The long-missing progenitor of the Orbiks servitor line, Orbiks Prime revealed itself to the remaining members of the House of Wolves following Skolas' final defeat. It began to gather the Wolves on Mars, but was stopped by the Reef and their allied Guardians.
- Arc Villain: Of the Wolves of Mars questline in The Taken King.
- Back from the Dead: Upon seeing Orbiks Prime, Variks comments that the Wolves must have rebuilt him, indicating that at some point Orbiks was damaged enough to be deactivated.
- General Failure: Decides to set up the House of Wolves on Mars, which was at that point a four-way battleground between the Guardians, the Cabal, the Vex, and the Taken. This poor tactical choice for a homebase is how Varkis figures out that a High Servitor is leading the remnants of the House of Wolves, since a Fallen Kell would have never gotten involved in such a unwinnable mess and only a High Servitor could have commanded the faith necessary to commit to such a reckless action. When Variks tells the Guardian about the remaining House of Wolves fighting the Cabal, he uncharacteristically lets out mocking laughter at the sheer stupidity of trying to fight the militant Cabal on their home turf while outnumbered and outgunned.
- King Mook: It is a massive Prime Servitor.
- Teleport Spam: Can teleport short distances like most servitors, but it also likes to teleport the player around into terrible positions.
Initially serving Irxis during the Reef Wars, Mecher Orbiks-11 was recovered by Skolas' forces after Irxis defeat. Following the breakout from the Prison of Elders, Mecher Orbiks-11 was sent to the Ishtar Cliffs on Venus.
- Boss in Mook's Clothing: Appears as a regular high servitor.
- Last of Its Kind: At the time of the House of Wolves rebellion, Mecher Orbiks-11 was believed to be the last of servitor of the Orbiks line. The revelation of Orbiks Prime's survival reveals this belief was false.
- Turn Coat: Initially fought for Irxis but switched allegiance to Skolas.
A captain who was among the first of the House of Wolves to declare loyalty to Queen Mara Sov after the defeat of Skolas. Saviks served as one of her Fallen bodyguards for decades before betraying her after Skolas' escape. He is sent to the Anchor of Light on the Moon.
- Bodyguard Betrayal: He was one of the Wolves who guarded the Queen, holding a place of honor on her right.

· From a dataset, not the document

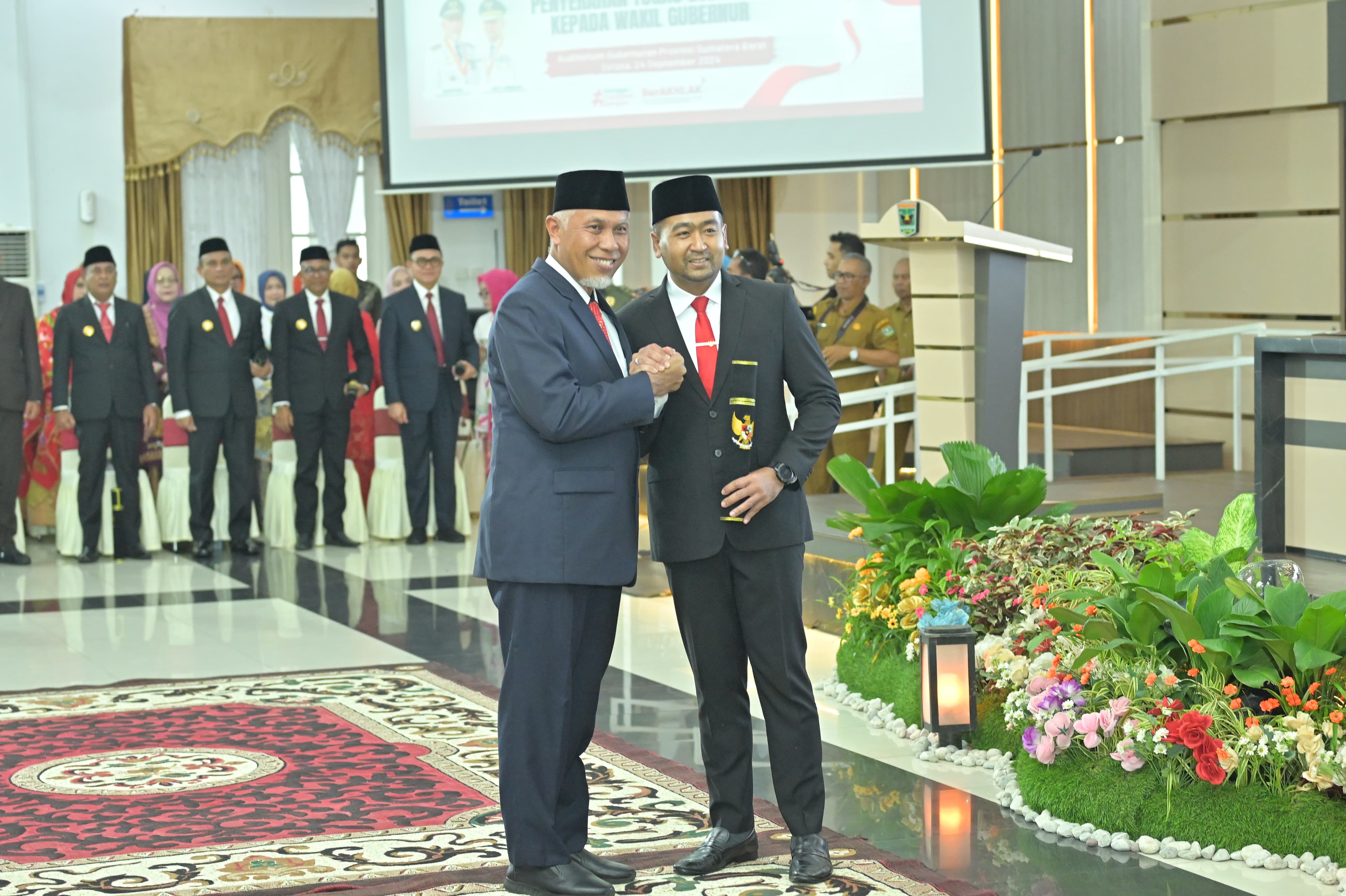 Gubernur Sumatera Barat (Sumbar), Mahyeldi Ansharullah, menyerahkan tugas kepada Wakil Gubernur (Wagub) Audy Joinaldy yang ditunjuk Mendagri sebagai Plt Gubernur.

Saviks and his fellow guards immediately attempted to assassinate her after learning of Skolas and the House of Wolves escape from the Prison of Elders.
- Boss in Mook's Clothing: Appears as a regular captain.

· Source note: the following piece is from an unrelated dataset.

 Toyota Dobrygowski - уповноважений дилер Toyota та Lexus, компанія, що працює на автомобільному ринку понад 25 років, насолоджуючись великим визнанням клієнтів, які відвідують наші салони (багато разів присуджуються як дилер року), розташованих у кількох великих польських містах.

- HeelFace Revolving Door: Went from serving Skolas to the Queen and then back to Skolas.
Weksis, the Meek
A Dreg who led an attack on Pallas without orders during the Reef Wars, which was defeated and helped break the stalemate over the base there. Following the House of Wolves escape from the Prison of Elders, Weksis was sent to Archer's Line on the Moon.
- Boss in Mook's Clothing: He is just a slightly tougher Dreg.
- Ironic Nickname: He is anything but meek, with Petra noting his brutal actions at the Siege of Pallas as proof enough of that.
- Leeroy Jenkins: His unapproved assault on Pallas, although initially taking the Awoken by surprise, failed and led to Weksis and his soldiers being captured and imprisoned with the other House of Winter captives there.
House of Dusk
Following the events of Rise of Iron, all the Fallen Houses present in the Sol System began to burn their banners and banded together under a new House: the House of Dusk. Driven by desperation and determination, they have abandoned many of their old rivalries and are now willing to do anything and fight anyone to survive.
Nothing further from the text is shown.